- _YOUR OBJECTIVE_
In the copy, include every record below exactly as it appears, but no pictures.

- _MATERIAL SHOWN_
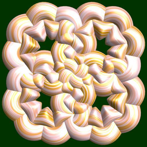 Keywords: mathematica 3d cg parametricplot3d texture torus 輪環 りんかん ドーナツ どーなつ 八芒星 はちぼうせい 八光星 はちこうせい 八稜星 はちりょうせい program プログラム code コード algorithm コード アルゴリズム geometric sculpture geometricsculpture shape geometry sculpture mapping テクスチャ マッピング 模様 もよう abstract 抽象 ちゅうしょう アブストラクト design pattern デザイン パターン graphic グラフィック グラフィクス structure 意匠 構造 symmetry 対称性 たいしょうせい シンメトリー 対称 たいしょう algorithm bright SetOptions[ParametricPlot3D, PlotRange -> Full, Mesh -> None, Boxed -> False, Axes -> None, PlotPoints -> 300, ImageSize -> 3000, Background -> Darker[Green, 0.8], PlotStyle -> Directive[Specularity[White, 30], Texture[Import["D:/tmp/861.jpg"]]], TextureCoordinateFunction -> ({#4 + #5, #5/Pi} &), Lighting -> "Neutral"]; a = 3; (* center hole size of a torus *) b = 8; (* octa-torus *) c = 2.5; (* distance from the center of rotation *) d = 4; (* number of torus *) v = 3; x = (a - Cos[t] - Sin[b s]) Cos[v s] + c; y = Sin[t] Sin[b s] + c; z = (a - Cos[t] - Sin[b s]) Sin[v s] + c; rot = Table[{x, y, z}.RotationMatrix[2 i Pi/d, {0, 1, 0}], {i, d}]; ParametricPlot3D[rot, {t, 0, 2 Pi}, {s, 0, 2 Pi}] (*--- The Texture *) SetOptions[ParametricPlot3D, PlotRange -> Full, Mesh -> None, Boxed -> False, Axes -> None, PlotPoints -> 300, ImageSize -> 3000, Background -> Darker[Green, 0.8], PlotStyle -> Directive[Specularity[White, 30], Texture[Import["D:/tmp/861.jpg"]]], TextureCoordinateFunction -> ({#4 + #5, #5/Pi} &), Lighting -> "Neutral"]; a = 3; (* center hole size of a torus *) b = 8; (* octa-torus *) c = 2.5; (* distance from the center of rotation *) d = 4; (* number of torus *) v = 3; x = (a - Cos[t] - Sin[b s]) Cos[v s] + c; y = Sin[t] Sin[b s] + c; z = (a - Cos[t] - Sin[b s]) Sin[v s] + c; rot = Table[{x, y, z}.RotationMatrix[2 i Pi/d, {0, 1, 0}], {i, d}]; ParametricPlot3D[rot, {t, 0, 2 Pi}, {s, 0, 2 Pi}] (*--- The Texture *) |
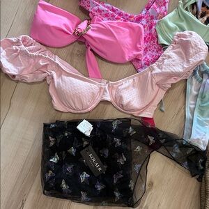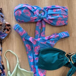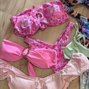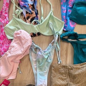 Chic swimwear bundle. Everything pictured is brand new with tags. Some without tags. The only item that was worn was the mint green bikinis set. All sizes range from extra small to small.
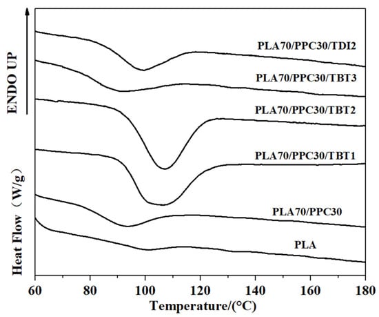 The subsequent heating the PLA, PPC and the blends are also investigated in the present work. The DSC melting thermograms are shown in Figure 3; the cold crystallization temperature (Tcc) of PLA component, its corresponding change in enthalpy (Hcc), the melting enthalpy of (Hm) of PLA crystals, as well as the crystallinity of PLA component are all listed in Table 5. As shown in Figure 3, the neat PLA exhibited a broad cold crystallization with a peak temperature near 140 °C as the crystallization during the cooling process is very limited. Compared with the neat PLA homopolymer, the cold crystallization peak of the PLA/PPC blend with 30 wt% of PPC is much better defined and shifts to a much lower temperature peaked at 110.2 °C, as also shown in Figure 3, likely due to the increased mobility of PLA component with the inclusion of soft PPC. Based on the melting, the crystallinity of the neat PLA is 7.31%, while it increases to 43.64% for the PLA component for its blend with 30 wt% of PPC, due to the increased mobility of PLA component with the inclusion of soft PPC.
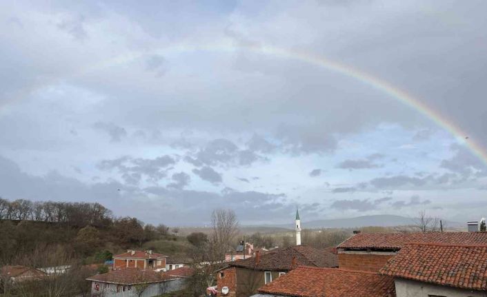 Çanakkale’nin Çan ilçesine bağlı Küçükpaşa köyünde sabah saatlerinde gökyüzünde oluşan gökkuşağı büyüledi.
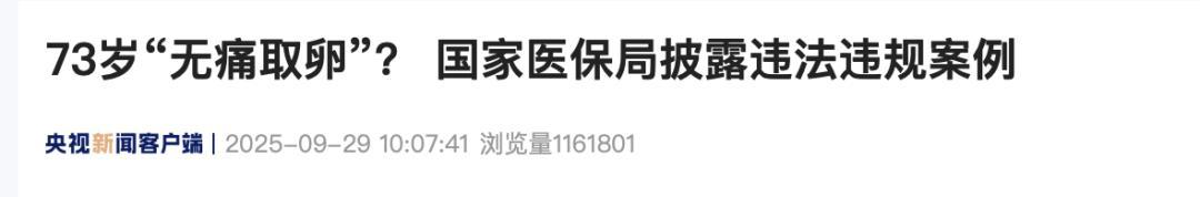 73歲“無痛取卵”? 國家醫保局查處“異常”案例
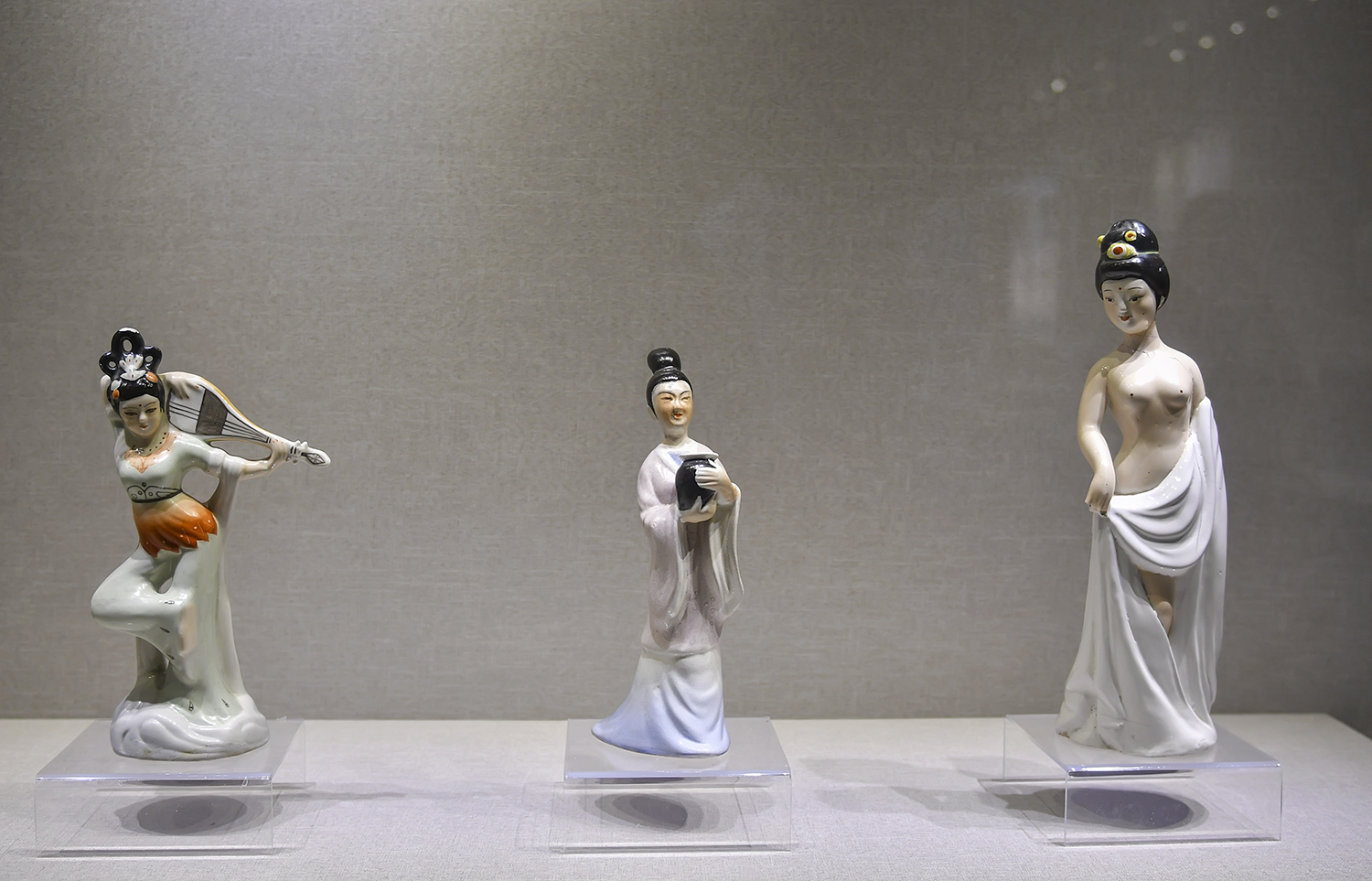 这一组摆件是安口窑八十年代的作品,造型端庄大方,线条飘逸,人物活灵活现,其中“反弹琵琶”获甘肃省工艺美术百花大奖。

- _EXERCISE ANSWER_
 Keywords: mathematica 3d cg parametricplot3d texture torus 輪環 りんかん ドーナツ どーなつ 八芒星 はちぼうせい 八光星 はちこうせい 八稜星 はちりょうせい program プログラム code コード algorithm コード アルゴリズム geometric sculpture geometricsculpture shape geometry sculpture mapping テクスチャ マッピング 模様 もよう abstract 抽象 ちゅうしょう アブストラクト design pattern デザイン パターン graphic グラフィック グラフィクス structure 意匠 構造 symmetry 対称性 たいしょうせい シンメトリー 対称 たいしょう algorithm bright SetOptions[ParametricPlot3D, PlotRange -> Full, Mesh -> None, Boxed -> False, Axes -> None, PlotPoints -> 300, ImageSize -> 3000, Background -> Darker[Green, 0.8], PlotStyle -> Directive[Specularity[White, 30], Texture[Import["D:/tmp/861.jpg"]]], TextureCoordinateFunction -> ({#4 + #5, #5/Pi} &), Lighting -> "Neutral"]; a = 3; (* center hole size of a torus *) b = 8; (* octa-torus *) c = 2.5; (* distance from the center of rotation *) d = 4; (* number of torus *) v = 3; x = (a - Cos[t] - Sin[b s]) Cos[v s] + c; y = Sin[t] Sin[b s] + c; z = (a - Cos[t] - Sin[b s]) Sin[v s] + c; rot = Table[{x, y, z}.RotationMatrix[2 i Pi/d, {0, 1, 0}], {i, d}]; ParametricPlot3D[rot, {t, 0, 2 Pi}, {s, 0, 2 Pi}] (*--- The Texture *) SetOptions[ParametricPlot3D, PlotRange -> Full, Mesh -> None, Boxed -> False, Axes -> None, PlotPoints -> 300, ImageSize -> 3000, Background -> Darker[Green, 0.8], PlotStyle -> Directive[Specularity[White, 30], Texture[Import["D:/tmp/861.jpg"]]], TextureCoordinateFunction -> ({#4 + #5, #5/Pi} &), Lighting -> "Neutral"]; a = 3; (* center hole size of a torus *) b = 8; (* octa-torus *) c = 2.5; (* distance from the center of rotation *) d = 4; (* number of torus *) v = 3; x = (a - Cos[t] - Sin[b s]) Cos[v s] + c; y = Sin[t] Sin[b s] + c; z = (a - Cos[t] - Sin[b s]) Sin[v s] + c; rot = Table[{x, y, z}.RotationMatrix[2 i Pi/d, {0, 1, 0}], {i, d}]; ParametricPlot3D[rot, {t, 0, 2 Pi}, {s, 0, 2 Pi}] (*--- The Texture *) |
 Chic swimwear bundle. Everything pictured is brand new with tags. Some without tags. The only item that was worn was the mint green bikinis set. All sizes range from extra small to small.
 The subsequent heating the PLA, PPC and the blends are also investigated in the present work. The DSC melting thermograms are shown in Figure 3; the cold crystallization temperature (Tcc) of PLA component, its corresponding change in enthalpy (Hcc), the melting enthalpy of (Hm) of PLA crystals, as well as the crystallinity of PLA component are all listed in Table 5. As shown in Figure 3, the neat PLA exhibited a broad cold crystallization with a peak temperature near 140 °C as the crystallization during the cooling process is very limited. Compared with the neat PLA homopolymer, the cold crystallization peak of the PLA/PPC blend with 30 wt% of PPC is much better defined and shifts to a much lower temperature peaked at 110.2 °C, as also shown in Figure 3, likely due to the increased mobility of PLA component with the inclusion of soft PPC. Based on the melting, the crystallinity of the neat PLA is 7.31%, while it increases to 43.64% for the PLA component for its blend with 30 wt% of PPC, due to the increased mobility of PLA component with the inclusion of soft PPC.
 Çanakkale’nin Çan ilçesine bağlı Küçükpaşa köyünde sabah saatlerinde gökyüzünde oluşan gökkuşağı büyüledi.
 73歲“無痛取卵”? 國家醫保局查處“異常”案例
 这一组摆件是安口窑八十年代的作品,造型端庄大方,线条飘逸,人物活灵活现,其中“反弹琵琶”获甘肃省工艺美术百花大奖。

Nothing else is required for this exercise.